Click the star to add/remove an item to/from your individual schedule.
You need to be logged in to avail of this functionality.

Accepted Paper:

Disentangling European HIV/AIDS policies: activism, citizenship and health (EUROPACH)  
Todd Sekuler (University of Zurich) Beate Binder (Humboldt-Universität zu Berlin) Ulrike Klöppel (Humboldt University Berlin) Justyna Struzik (Jagiellonian University)

Paper short abstract:

Through the 'HIV crisis', EUROPACH explores how the past is used in the unfolding of activism, policy and citizenship. As health-governing bodies promote a biomedical approach to prevention, EUROPACH asks how the past dwells within these structures so as to enable creative approaches to the future.

Paper long abstract:

Through the lens of the 'HIV/AIDS crisis', the EUROPACH project explores how the past is mobilised in the unfolding of activism, health policy and citizenship in Europe. As transnational health-governing bodies seek to integrate a fortified biomedical approach into local structures of care and prevention, the project asks how the past dwells within these structures so as to enable creative and situated approaches to the future. By analysing the discourses and practices that make up HIV/AIDS policy worlds in Germany, Poland, Turkey, the UK, and at the European level, EUROPACH aims to describe the varied citizenship claims that emerge across shifting notions of Europe. Researchers will unpack the logics of policy discourses and disentangle the transnational histories involved in the co-production of these policy assemblages, and develop a corresponding interactive map for use beyond the project.
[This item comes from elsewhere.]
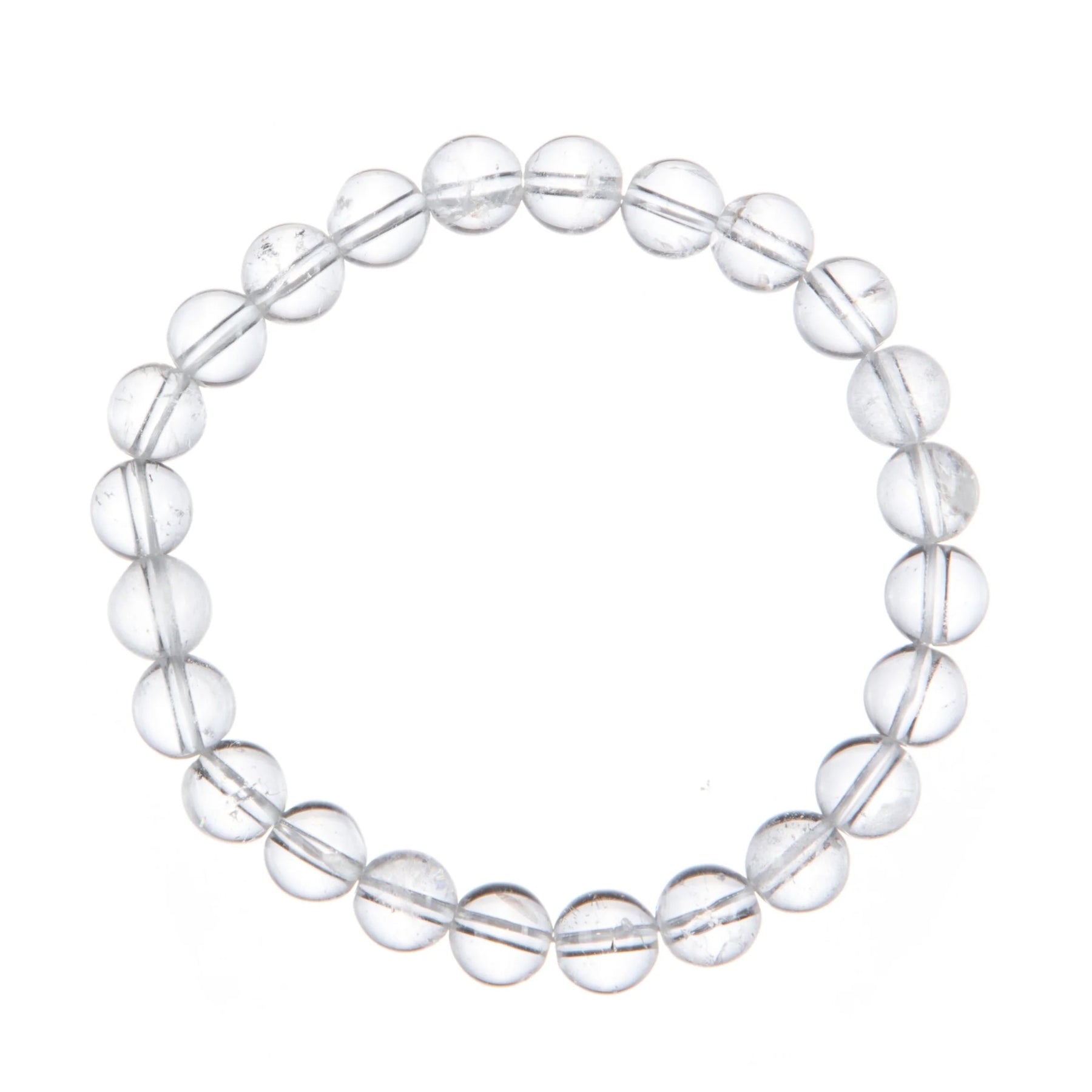 A close-up of a stretch bracelet made with 8mm round clear quartz beads connected with a clear stretch cord, on a white background.

They will also record interviews with actors in the field, which will provide a foundation for a European HIV/AIDS oral history archive. Ethnographic research conducted in spaces of policy development and negotiation, combined with analyses of art works engaging with the epidemic, will be used to situate citizenship models in their temporal trajectories, and then to scrutinize them for insights as to new possibilities for the future. In accounting for the multiplicity and entanglements of histories that coexist in contemporary citizenship frameworks at the nexus of sexuality, health and the body, EUROPACH aims to provide support for integrating local communities, contexts and histories into European structures and praxes of citizenship.